- [ACTIVITY]:
Would you reproduce the data below exactly, please, leaving out its images?

- [GIVEN INFORMATION]:
□ □ □
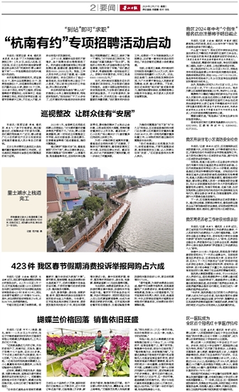 本报讯 (记者 何可人)装盘、捆扎、装车……2月26日上午9时许,在位于宁围街道顺坝村的杭州艾维园艺有限公司蝴蝶兰养殖基地内,工作人员们忙个不停。
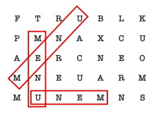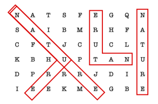 - 单词出现在两条相互垂直且存在公共端点的线段上。也就是说,单词首先出现在某线段上,直到某个字母后,转向 90 度,其余部分出现在另一条线段上。
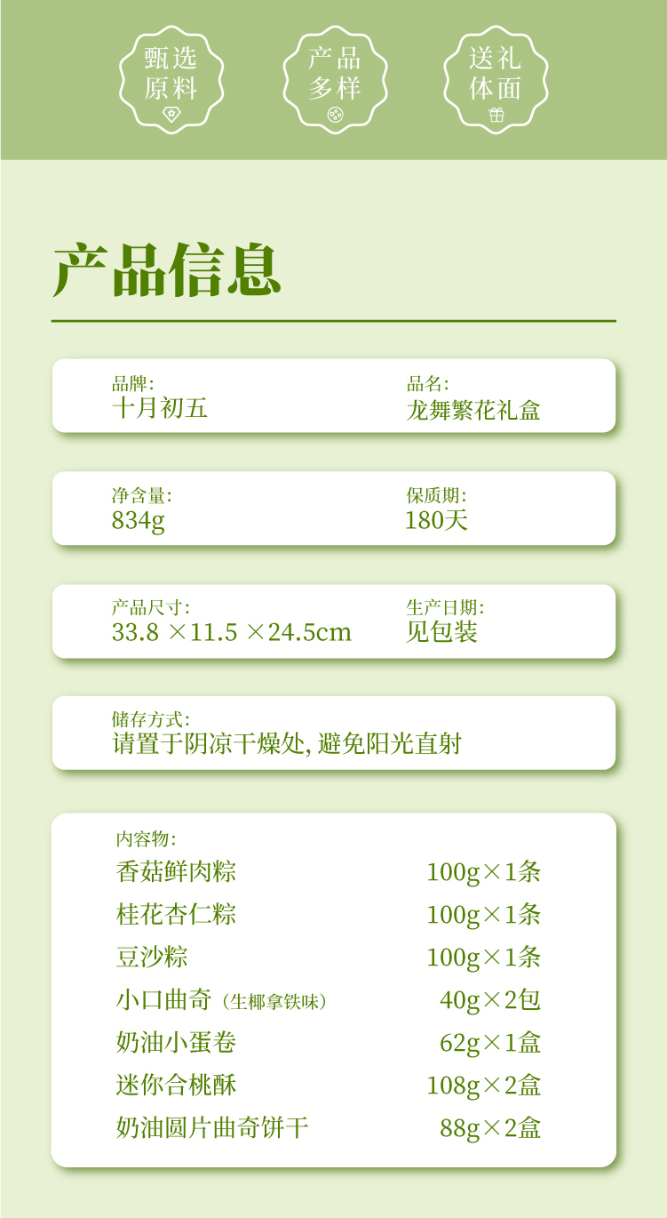 商品名称:十月初五龙舞繁花粽子糕点礼盒834g
□ □ □
- [SOLUTION]:
 本报讯 (记者 何可人)装盘、捆扎、装车……2月26日上午9时许,在位于宁围街道顺坝村的杭州艾维园艺有限公司蝴蝶兰养殖基地内,工作人员们忙个不停。
 - 单词出现在两条相互垂直且存在公共端点的线段上。也就是说,单词首先出现在某线段上,直到某个字母后,转向 90 度,其余部分出现在另一条线段上。
 商品名称:十月初五龙舞繁花粽子糕点礼盒834g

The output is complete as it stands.